Hands‑off investing usually means you set up automatic deposits and the trading platform or S&S ISA account you’ve chosen builds a ready‑made portfolio for you. You just need to choose the level of risk you’re comfortable with (a bit like when you set up your pension account) and then you can automate your savings deposits with a direct debit each month. Your deposits will be added to the same pot if you choose to save in line with the same investment risk profile.
You don’t need to check it every day – it’s basically the slow‑cooker version of investing: set it up, add some more money when you wish, and peek in occasionally to see how it’s coming along. Many platforms even offer ethical or eco‑friendly portfolios, so you can invest in line with your values without needing to research every company within the fund you’re investing in.

Getting More Hands‑On: Picking Your Own Shares
If you enjoy a bit of research (or just love the idea of owning a tiny slice of your favourite brand), you can choose individual shares yourself. I’ve tried this option too, and it’s rather fun to do your research, look at how the company has performed in the past (don’t worry – there are graphs within your trading app to show how each stock price has fluctuated and the returns it has previously made), and make up a portfolio yourself.
A “portfolio” sounds scary, but that’s just the name given to the cluster of individual shares you’ve chosen – sometimes also called a “pie” – which I much prefer! Choosing your own shares is more involved but also more personal. You might pick companies you admire and know lots about, brands you already buy from, or businesses doing exciting things in sustainability. Just remember: individual shares can be more volatile, so it’s wise to mix them with steadier investments.

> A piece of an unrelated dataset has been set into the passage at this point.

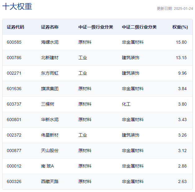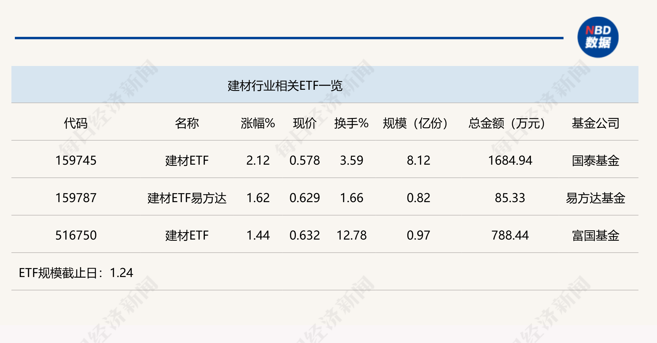 每经记者 刘明涛 每经编辑 叶峰 今日上午,除了DeepSeek AI概念股集体大涨外,业绩稳定的蓝筹股整体也有不错表现,建材、银行、电力处于领涨位置,在行业ETF市场,建材ETF(159745)半日涨幅超2%,达到2.12%,反弹明显。 投资逻辑来看,国家统计局数据显示,12月份,限额以上单位家具类商品零售额同比增长8.8%,连续四个月正增长;建筑及装潢材料类增长0.8%,连续两个月增长。2024年,中央向地方下达1500亿元超长期特别国债资金,支持各地因地制宜实施消费品以旧换新。近期多次会议召开,明确推进提振消费行动,加力扩围消费品以旧换新,随着家装细则措施落地,叠加政策刺激下存量房翻新和旧改需求释放,有望进一步促进建材消费需求恢复。 点评:建材ETF(159745)今日上午涨幅达到2.12%,该ETF规模为8.12亿份,半日成交金额为1685万元,其追踪的是中证全指建筑材料指数,追踪该指数的ETF还有建材ETF易方达(159787)和建材ETF(516750)。 中证全指建筑材料指数从中证全指指数中选取业务涉及建筑材料领域的上市公司证券作为指数样本,以反映该主题上市公司证券的整体表现。 中证全指建筑材料指数主要权重股 |

Trading Statistics: Why They Matter (Without the Scary Bits)
Now, let’s talk about something that sounds intimidating but really isn’t: market statistics. Statistics help you understand how the market is behaving – a bit like checking the weather before hanging out the washing. You don’t need to be an expert, but a quick glance can help you make better decisions.
For example, UK trading data shows that 71–79% of retail CFD traders lose money, which is a helpful reminder that high‑risk, fast‑paced trading isn’t the same as long‑term investing. It’s also interesting to know that millions of UK adults now use investment platforms, proving that investing isn’t just for city traders – it’s for everyday thrifty folk like us.
Keeping an eye on market trends helps you stay informed without needing to check charts every morning. You don’t need to be reading the Financial Times or subscribing to trading news alerts. That said, your Stocks & Shares app may have these updates in the app’s ‘news’ section anyway, so it can be easy to have a quick look if you want to. Think of it as general background awareness of the market rather than full‑time monitoring – which can quickly become rather overwhelming!

Ethical & Eco‑Friendly Investing: Feel‑Good Finances
If you’re someone who buys recycled stationery, supports local makers, or checks the eco‑rating on your washing‑up liquid, you’ll be pleased to know you can invest ethically too. Ethical investing lets you support companies that care about sustainability, the fair treatment of workers, diversity, renewable energy, and social responsibility.
Investor Deborah Meaden from Dragons’ Den says investing allows you to put your money into the businesses that are going to shape the world you want to live in. This is why she prioritises environmentally-friendly brands and companies that deliver sustainability. Some people choose to build portfolios entirely around green energy or ethical tech – think of it as curating your own little gallery of good‑hearted companies.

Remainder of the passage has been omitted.